Published: 6-Nov-2003

A new kind of collaboration involving three UK chemical companies and acadaemia has been set up with the aim of producing practical commercial results rather than theoretical solutions and intellectual property.


A new kind of collaboration involving three UK chemical companies and acadaemia has been set up with the aim of producing practical commercial results rather than theoretical solutions and intellectual property.

Speciality chemicals manufacturer Robinson Brothers (RBL) is working with catalyst manufacturer Johnson Matthey Catalysts, oxide support manufacturer Grace Davison and Queens University, Belfast, on a project focusing on applied catalysis, with particular emphasis on hydrogen-based reactions.

The CARMAC (Controlling the Access of Reactant Molecules to Active Centres) project, which began officially on 1 December and will run initially for a 5-year term, will receive £1.9m in funding from the Engineering and Physical Sciences Research Council (EPSRC), while the three industrial partners will con-tribute £1m in cash and £2m in kind. Its primary objective will be to draw on the latest developments in catalyst technology to restrict molecular access to active sites, realising what has previously been considered catalytically unachievable.

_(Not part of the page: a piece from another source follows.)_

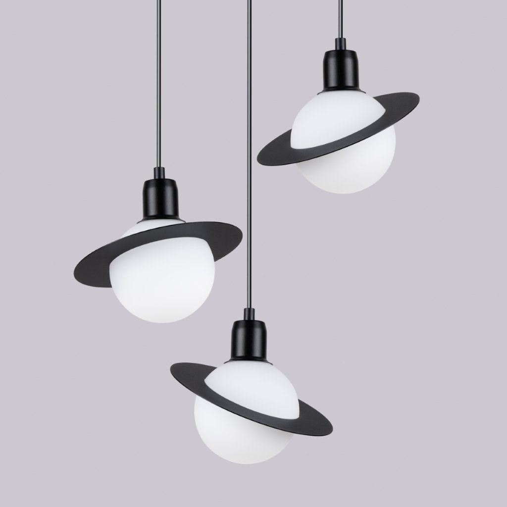 Závěsné svítidlo Hyperion, 3x skleněné/černé kovové stínítko,

Johnson Matthey Catalysts will provide process engineering expertise, and its recently patented technology to zeolite coat catalyst particles is expected to feature in the programme. RBL will provide industrially relevant catalysis challenges, scale up developed solutions and assess their viability.

Also involved in the project are Professor Lynn Gladden of Cambridge University, who will use her expertise in NMR imaging techniques to gain insight into diffusion and absorption on catalysts and fluid flow in catalytic reactors; Matt Neurock of the University of Virginia, who specialises in computer modelling of solid/liquid systems; and materials synthesis expert Edman Tsang of Reading University.